=== Aim of the exercise ===
Please output every record below exactly as written, leaving out any pictures.

[Dataset content Boundary: Start]

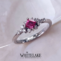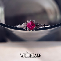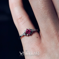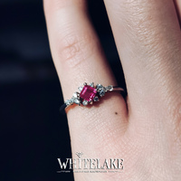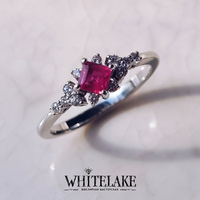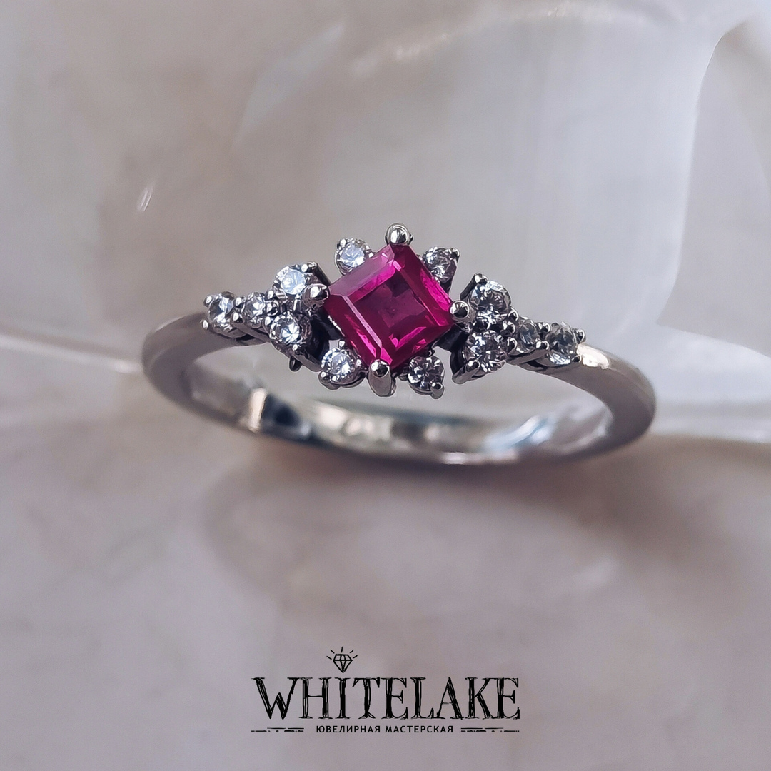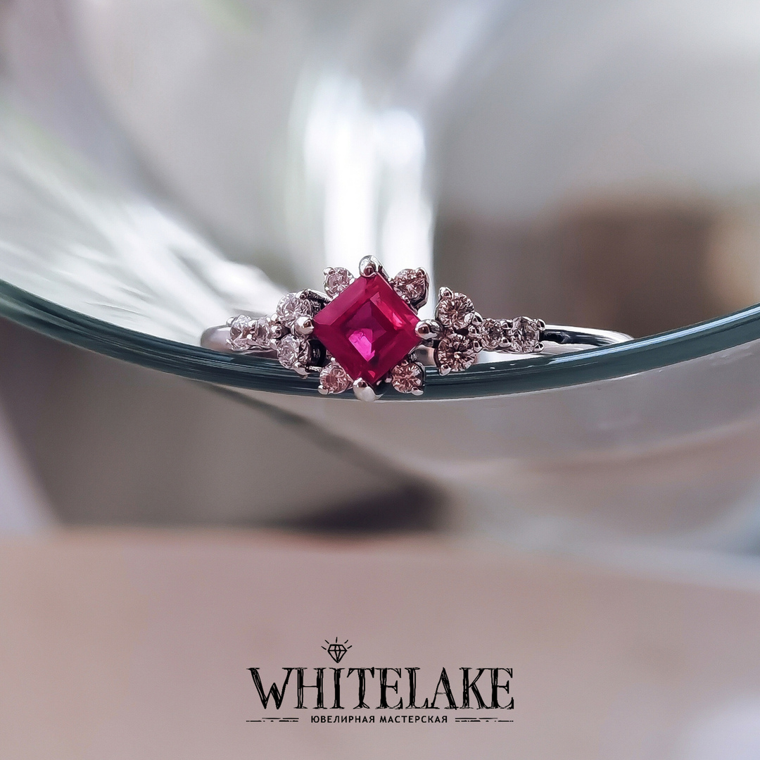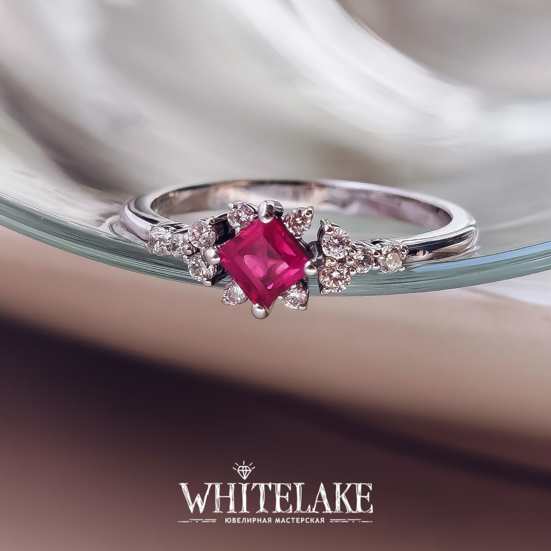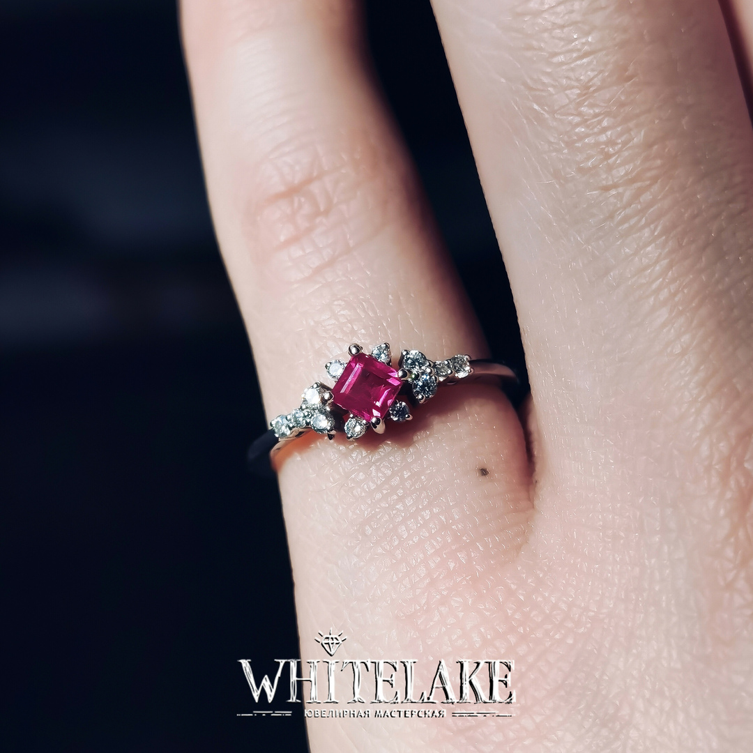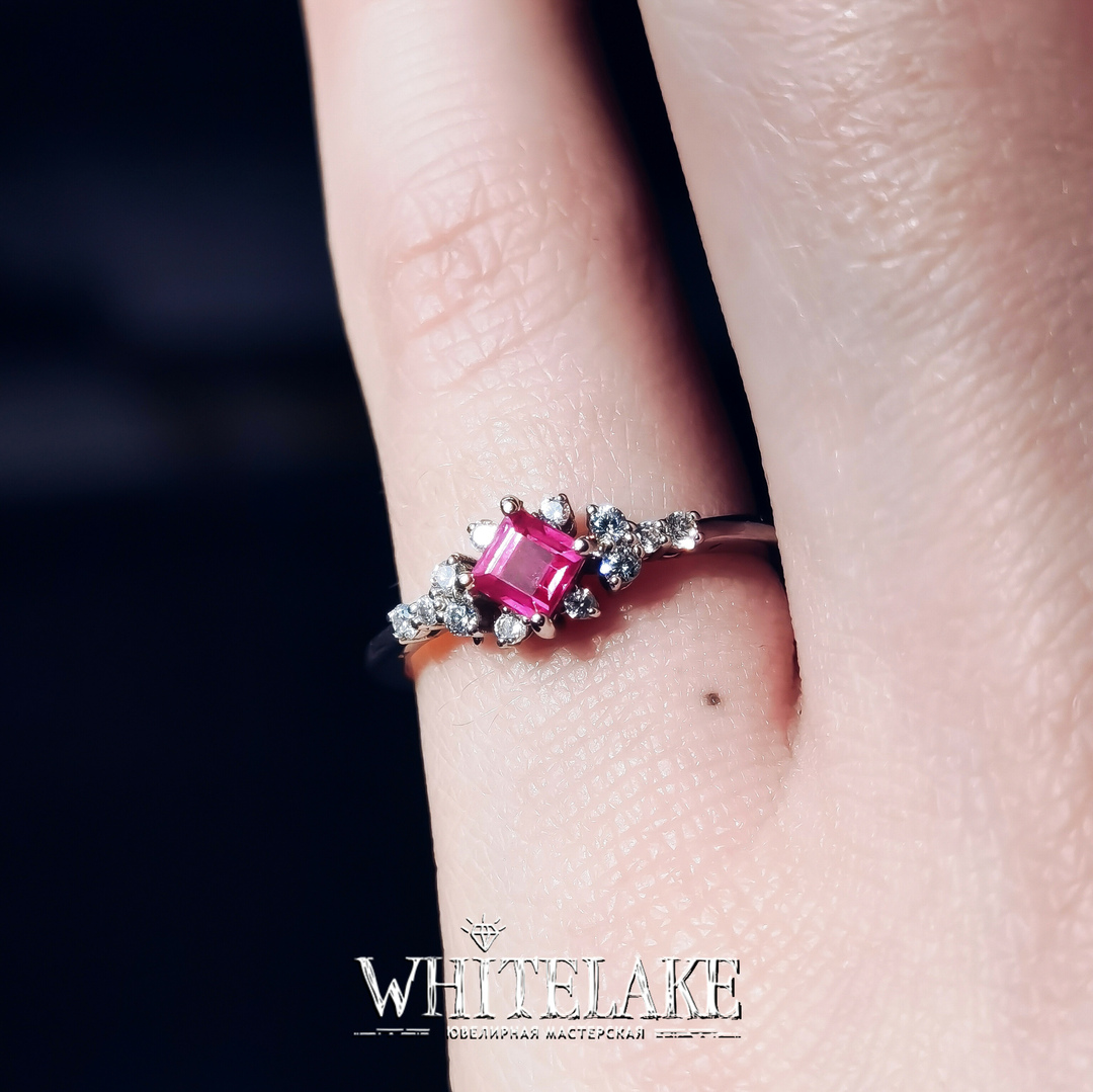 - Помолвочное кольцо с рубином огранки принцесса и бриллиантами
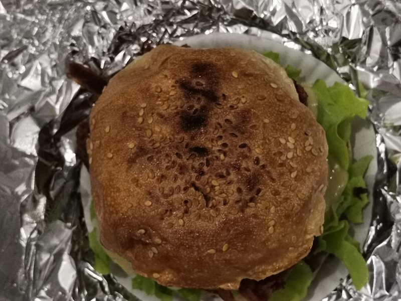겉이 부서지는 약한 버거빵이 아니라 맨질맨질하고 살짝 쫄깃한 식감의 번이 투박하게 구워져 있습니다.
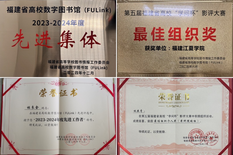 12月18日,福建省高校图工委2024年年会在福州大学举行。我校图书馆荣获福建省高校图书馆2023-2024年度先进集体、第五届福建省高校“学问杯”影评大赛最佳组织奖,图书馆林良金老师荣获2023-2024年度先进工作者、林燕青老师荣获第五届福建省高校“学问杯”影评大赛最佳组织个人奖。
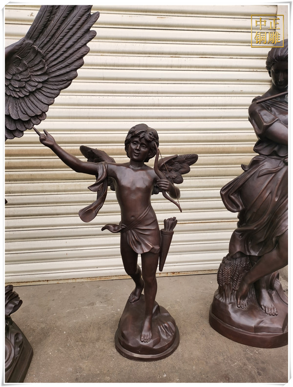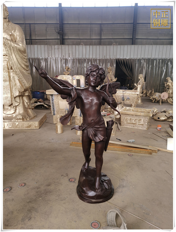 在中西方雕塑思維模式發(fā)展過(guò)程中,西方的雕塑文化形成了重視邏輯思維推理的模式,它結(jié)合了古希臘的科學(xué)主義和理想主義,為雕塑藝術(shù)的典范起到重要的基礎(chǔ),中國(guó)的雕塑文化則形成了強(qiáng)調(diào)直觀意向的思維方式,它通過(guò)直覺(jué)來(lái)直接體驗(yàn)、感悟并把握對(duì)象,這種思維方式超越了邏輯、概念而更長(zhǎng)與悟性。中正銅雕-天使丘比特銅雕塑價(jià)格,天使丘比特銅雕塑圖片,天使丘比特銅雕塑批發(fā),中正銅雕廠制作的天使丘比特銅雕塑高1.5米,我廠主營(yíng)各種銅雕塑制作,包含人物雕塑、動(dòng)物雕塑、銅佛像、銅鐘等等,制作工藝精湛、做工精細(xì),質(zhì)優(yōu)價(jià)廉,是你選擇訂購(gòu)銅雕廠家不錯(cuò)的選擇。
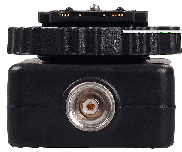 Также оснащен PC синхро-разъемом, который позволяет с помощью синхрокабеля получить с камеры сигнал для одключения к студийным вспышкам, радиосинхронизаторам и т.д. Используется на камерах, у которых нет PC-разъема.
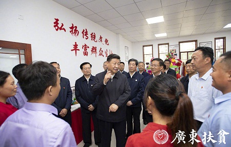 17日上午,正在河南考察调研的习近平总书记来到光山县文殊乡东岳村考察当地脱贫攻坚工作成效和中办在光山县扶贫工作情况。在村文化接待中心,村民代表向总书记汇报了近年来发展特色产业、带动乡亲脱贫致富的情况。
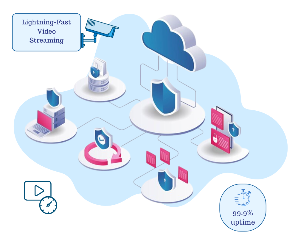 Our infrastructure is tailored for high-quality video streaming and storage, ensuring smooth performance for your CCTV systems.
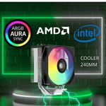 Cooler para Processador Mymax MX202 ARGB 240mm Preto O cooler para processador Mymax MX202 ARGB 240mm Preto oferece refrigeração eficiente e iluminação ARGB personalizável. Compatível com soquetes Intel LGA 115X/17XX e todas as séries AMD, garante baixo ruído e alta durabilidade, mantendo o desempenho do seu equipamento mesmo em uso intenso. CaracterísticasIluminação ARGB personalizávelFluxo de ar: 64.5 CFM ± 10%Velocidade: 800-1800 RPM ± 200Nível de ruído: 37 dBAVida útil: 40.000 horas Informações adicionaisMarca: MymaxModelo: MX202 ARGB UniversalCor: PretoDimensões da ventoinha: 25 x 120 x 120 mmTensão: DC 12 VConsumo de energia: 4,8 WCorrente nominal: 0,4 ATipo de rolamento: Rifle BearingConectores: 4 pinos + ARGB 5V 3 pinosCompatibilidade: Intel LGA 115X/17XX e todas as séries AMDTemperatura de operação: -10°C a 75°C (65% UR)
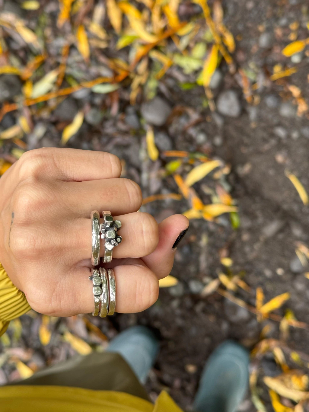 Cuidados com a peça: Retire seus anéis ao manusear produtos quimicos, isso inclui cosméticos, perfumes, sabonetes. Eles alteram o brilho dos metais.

[Dataset content Boundary: End]

=== Task output ===
 - Помолвочное кольцо с рубином огранки принцесса и бриллиантами
겉이 부서지는 약한 버거빵이 아니라 맨질맨질하고 살짝 쫄깃한 식감의 번이 투박하게 구워져 있습니다.
 12月18日,福建省高校图工委2024年年会在福州大学举行。我校图书馆荣获福建省高校图书馆2023-2024年度先进集体、第五届福建省高校“学问杯”影评大赛最佳组织奖,图书馆林良金老师荣获2023-2024年度先进工作者、林燕青老师荣获第五届福建省高校“学问杯”影评大赛最佳组织个人奖。
 在中西方雕塑思維模式發(fā)展過(guò)程中,西方的雕塑文化形成了重視邏輯思維推理的模式,它結(jié)合了古希臘的科學(xué)主義和理想主義,為雕塑藝術(shù)的典范起到重要的基礎(chǔ),中國(guó)的雕塑文化則形成了強(qiáng)調(diào)直觀意向的思維方式,它通過(guò)直覺(jué)來(lái)直接體驗(yàn)、感悟并把握對(duì)象,這種思維方式超越了邏輯、概念而更長(zhǎng)與悟性。中正銅雕-天使丘比特銅雕塑價(jià)格,天使丘比特銅雕塑圖片,天使丘比特銅雕塑批發(fā),中正銅雕廠制作的天使丘比特銅雕塑高1.5米,我廠主營(yíng)各種銅雕塑制作,包含人物雕塑、動(dòng)物雕塑、銅佛像、銅鐘等等,制作工藝精湛、做工精細(xì),質(zhì)優(yōu)價(jià)廉,是你選擇訂購(gòu)銅雕廠家不錯(cuò)的選擇。
 Также оснащен PC синхро-разъемом, который позволяет с помощью синхрокабеля получить с камеры сигнал для одключения к студийным вспышкам, радиосинхронизаторам и т.д. Используется на камерах, у которых нет PC-разъема.
 17日上午,正在河南考察调研的习近平总书记来到光山县文殊乡东岳村考察当地脱贫攻坚工作成效和中办在光山县扶贫工作情况。在村文化接待中心,村民代表向总书记汇报了近年来发展特色产业、带动乡亲脱贫致富的情况。
 Our infrastructure is tailored for high-quality video streaming and storage, ensuring smooth performance for your CCTV systems.
 Cooler para Processador Mymax MX202 ARGB 240mm Preto O cooler para processador Mymax MX202 ARGB 240mm Preto oferece refrigeração eficiente e iluminação ARGB personalizável. Compatível com soquetes Intel LGA 115X/17XX e todas as séries AMD, garante baixo ruído e alta durabilidade, mantendo o desempenho do seu equipamento mesmo em uso intenso. CaracterísticasIluminação ARGB personalizávelFluxo de ar: 64.5 CFM ± 10%Velocidade: 800-1800 RPM ± 200Nível de ruído: 37 dBAVida útil: 40.000 horas Informações adicionaisMarca: MymaxModelo: MX202 ARGB UniversalCor: PretoDimensões da ventoinha: 25 x 120 x 120 mmTensão: DC 12 VConsumo de energia: 4,8 WCorrente nominal: 0,4 ATipo de rolamento: Rifle BearingConectores: 4 pinos + ARGB 5V 3 pinosCompatibilidade: Intel LGA 115X/17XX e todas as séries AMDTemperatura de operação: -10°C a 75°C (65% UR)
 Cuidados com a peça: Retire seus anéis ao manusear produtos quimicos, isso inclui cosméticos, perfumes, sabonetes. Eles alteram o brilho dos metais.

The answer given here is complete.